On the labor market, 43% of working-age immigrants (against 29% on average for the 34 OECD industrialized countries) have little or no education, a share exceeded only in Southern Europe.

Issues of access to housing, decommissioning, access to the health system arise in France “with much less acute than in the rest of Europe,” says the OECD. But ultimately, the situation in this country where more than a quarter of the population is of immigrant origin, is comparable “in certain respects” to that of Italy, new destination countries.

The schooling is illuminating in this respect: the children of immigrants from poor families have nearly six times less likely than those born in the country to be among the best students – against two times less likely on average in Europe.

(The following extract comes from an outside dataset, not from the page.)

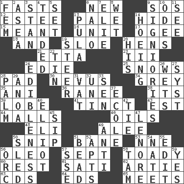 ACROSS 1. Goes without food and/or water 6. ___ Haven, CT 9. Mayday 12. First name in cosmetics 13. Light colored 14. Flintstone garb 15. Intended 16. A single undivided whole 17. Double curve, resembling the letter S 18. Added to 19. _ gin 20. Coop moms 21. Singer James 23. One more than two 24. Singer Brickell 25. Frozen precipitation (plural) 28. Groovy apt. 30. Mole, birthmark 34. Jennifer or Joel 35. Cuckoo 36. The wife of a rajah (variant) 38. It is 39. Ear part 41. A color or tint 43. Eastern Standard Time (abbr.) 44. Shopping centers 46. Petroleums 48. Connecticut Ivy Leaguer 49. Toward shelter 50. Clip 51. Object of repulsion 53. Compass dir. 56. Butter sub 57. Back-to-school mo. 58. Sycophant 60. Relief 61. Suttee (variant) 62. Nick name for Arthur 63. Music discs 64. Begley and Asner 65. Confronts DOWN 1. Opposite of masc. 2. Toward the sea 3. Comedian Laurel of Laurel & Hardy 4. Looked after 5. Arrange properly for use 6. Billionth: prefix 7. Writer Wiesel 8. Dripping 9. Seigniories (variant) 10. Lyric poems 11. Observe 13. Monetary unit of Botswana 14. Weeding 19. Guide 20. Part of HMS, perhaps 22. Metal container 24. The property of being fit to eat 26. Moistens 27. System (abbr.) 28. Inside of hand 29. Small Philippine buffalo 31. Large container 32. University (slang) 33. Elected rep. 37. Learning spot: Fr. 40. American author Paul (1891-1958) 42. Make a knot 45. Small drink 47. Poe poem 49. Opposed to 50. Downhill vehicle 51. Necklace unit 52. Tenement units (abbr.) 54. Nathan's nickname 55. Prepare for publication 56. The grampus (Milton) 57. Compass dir. 58. Scottish cap 59. Affirmative reply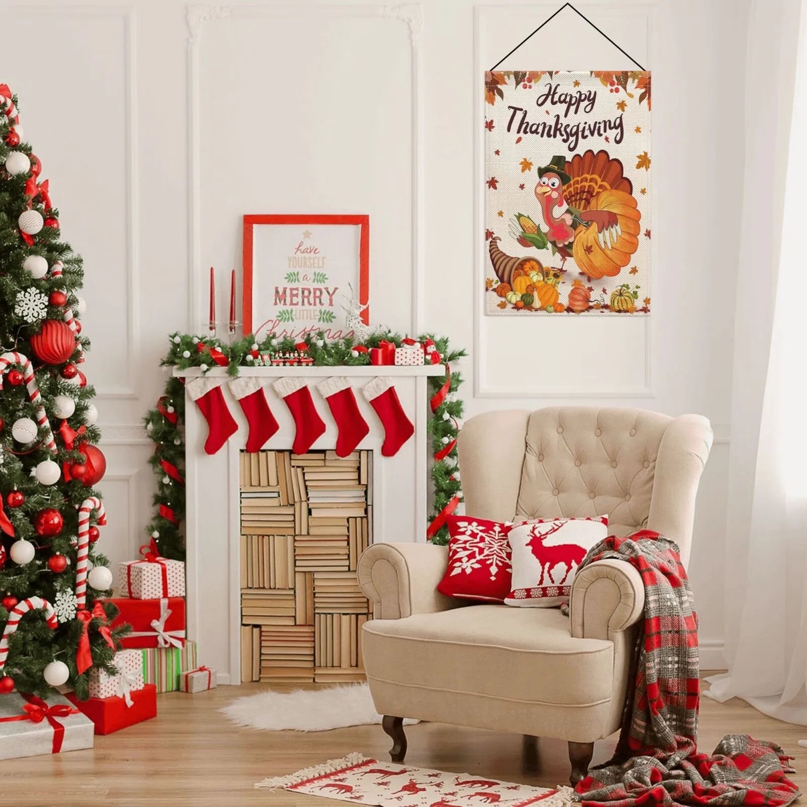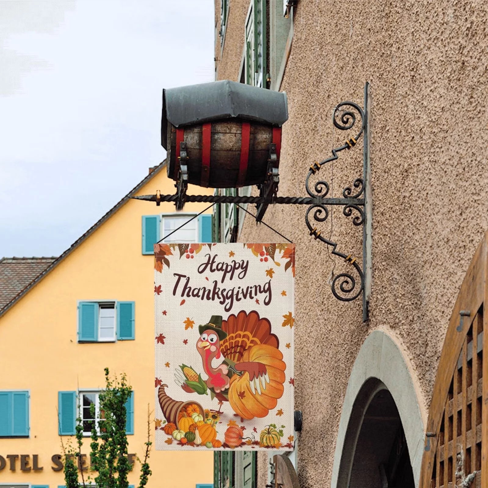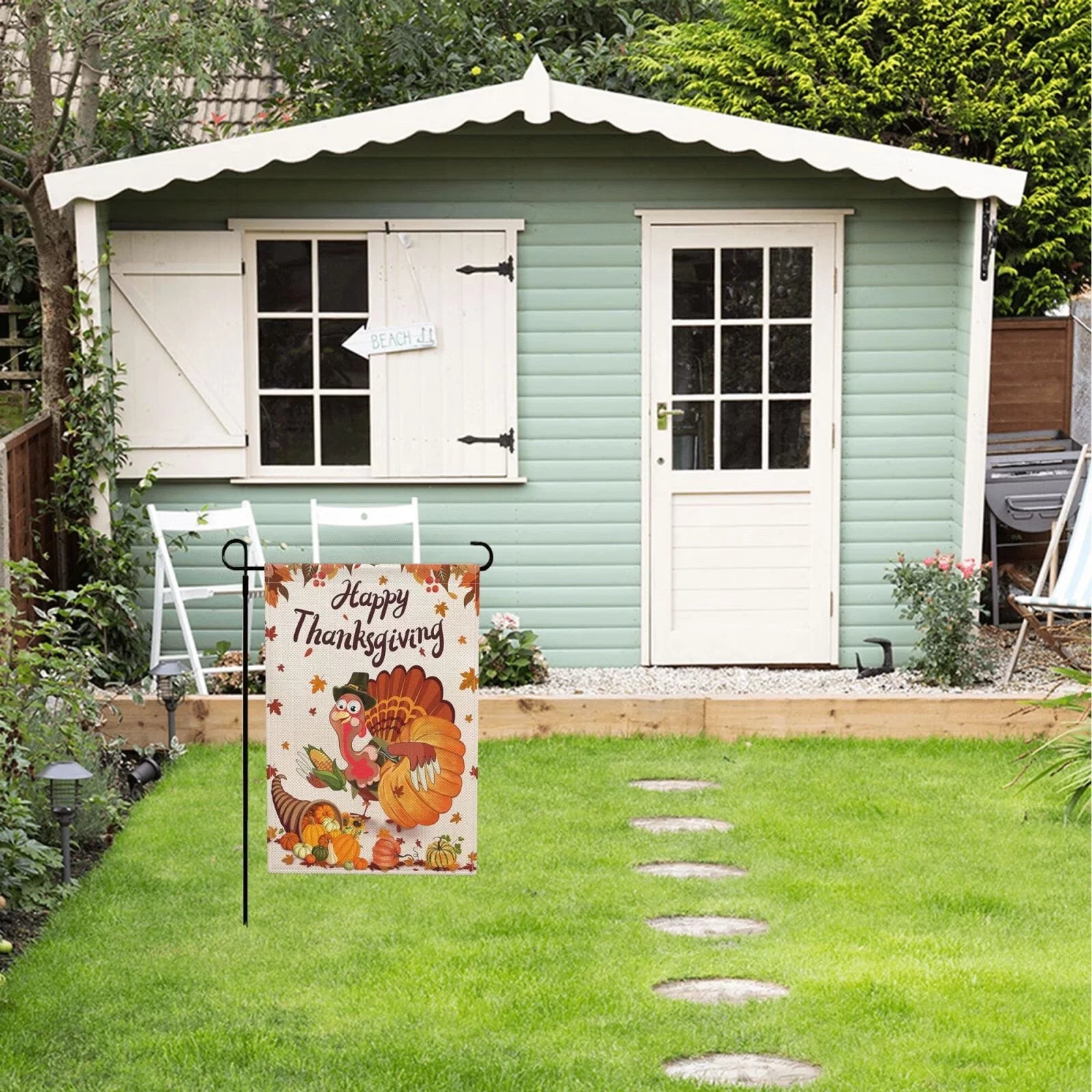 Happy Thanksgiving Garden Flag, Burlap Thanksgiving Garden Flag, Thanksgiving Turkey Flag, Thanksgiving Garden Flags 12X18 Inch

Several factors may explain this observation: Labour Market complicating “odd jobs” poor command of the language, lack of contacts or in a country cherishing the diplomas, employers’ reluctance to face trainings they do not know. ..

Difficulty integrating is also illustrated in the feeling of discrimination, which proves stronger among descendants of immigrants (27%) than immigrants themselves (17%).

It is a “total paradox,” says Jean-Christophe Dumont, Head of International Migration in the institution. “For those who were born in France, the fact of not having access to all levels of society creates enormous frustration.” “It carries within itself the seeds of division, fracture,” which “will not resolve itself,” he warns.